Driving Innovation Through R&D

  • Low-carbon products: Research and development teams can design products and processes that inherently require less energy, or lower-carbon energy, to produce, lowering scope 1 emissions at the source.
  • Material innovation: Developing new chemistries or alternative materials can avoid high-emission production methods, contributing to broader decarbonization goals.
  • Closed-loop systems: Designing circular, waste-reducing systems can minimize both raw material use and the on-site emissions associated with production and disposal.

Reducing scope 1 emissions often requires up-front investment, whether it’s upgrading equipment, switching to alternative fuels, or embedding low-carbon principles into procurement and R&D strategies. While the initial costs can be substantial, they deliver long-term value through improved operational efficiency, reduced regulatory risk, lower energy expenses, and enhanced brand value in a marketplace that increasingly rewards climate leadership.

Frequently Asked Questions

What are the main categories of scope 1 emissions?

Scope 1 emissions fall into four categories: stationary combustion (fuels burned on-site in boilers, furnaces, or turbines), mobile combustion (company-owned or -operated vehicles and equipment), fugitive emissions (leaks of refrigerants or methane, which often carry outsized global warming potential), and self-produced energy (electricity, heat, or steam generated by equipment the company owns or controls).

Which regulations require companies to report scope 1 emissions, and when do they take effect?

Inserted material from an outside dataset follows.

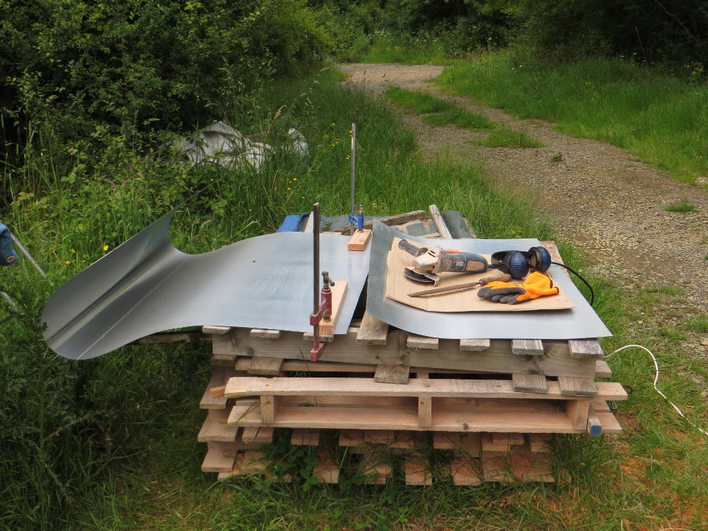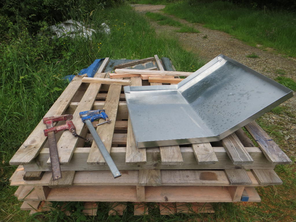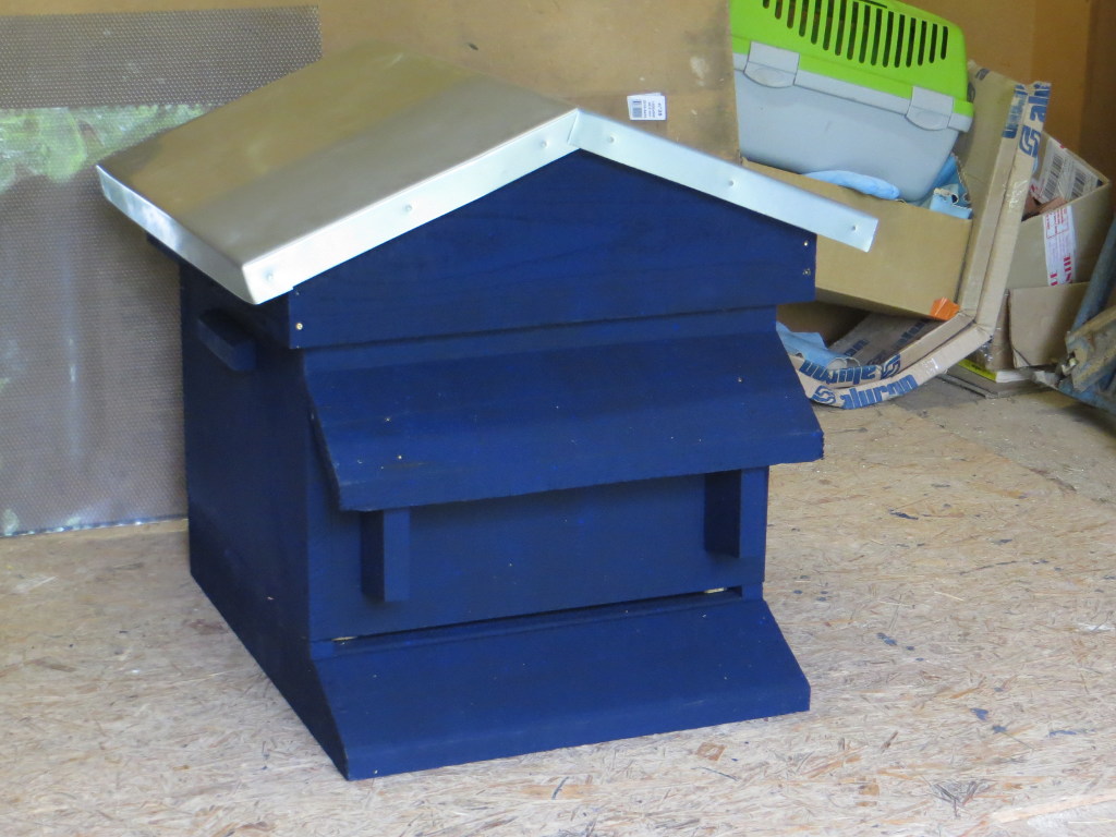 2014/05/26 : Construction (7)Mis à jour : 13 février 2016 | Imprimer | Affichages : 2026Fin de la construction de ma ruche P4, et transfert immédiat de l'essaim de la ruchette S1 : Détail de la mise en place du toit en zinc :
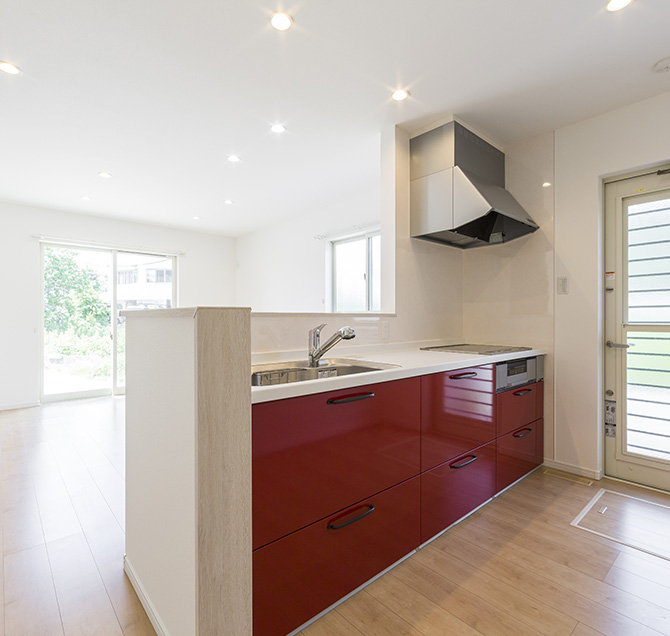 オープンな空間を作り出し、家族とのコミュニケーションを促進しながら、効率的な動線を実現しています。

The EU’s Corporate Sustainability Reporting Directive (CSRD) already requires scope 1 disclosure for companies in its first reporting waves. In the US, California’s SB 253 requires companies with over $1 billion in annual revenue doing business in California to report scope 1 and scope 2 emissions, with first reports due November 10, 2026. ISSB-aligned disclosure rules are extending similar requirements across other jurisdictions.

What’s the fastest way for a company to start reducing scope 1 emissions?

Start by measuring at the facility level, since this activity data shows where emissions concentrate. From there, the quickest wins are usually operational, such as repairing refrigerant and methane leaks, upgrading inefficient combustion equipment, and electrifying vehicle fleets, because they sit within the company’s direct control and often pay back through lower fuel and maintenance costs.

Is behind-the-meter power scope 1 or scope 2?

It depends on who controls the generating asset. If a company owns or financially controls its on-site generation, the emissions are scope 1. If a third party owns and operates the generator and sells the power- the structure behind most data center power deals- the buyer reports those emissions as scope 2 under the GHG Protocol’s Scope 2 Guidance.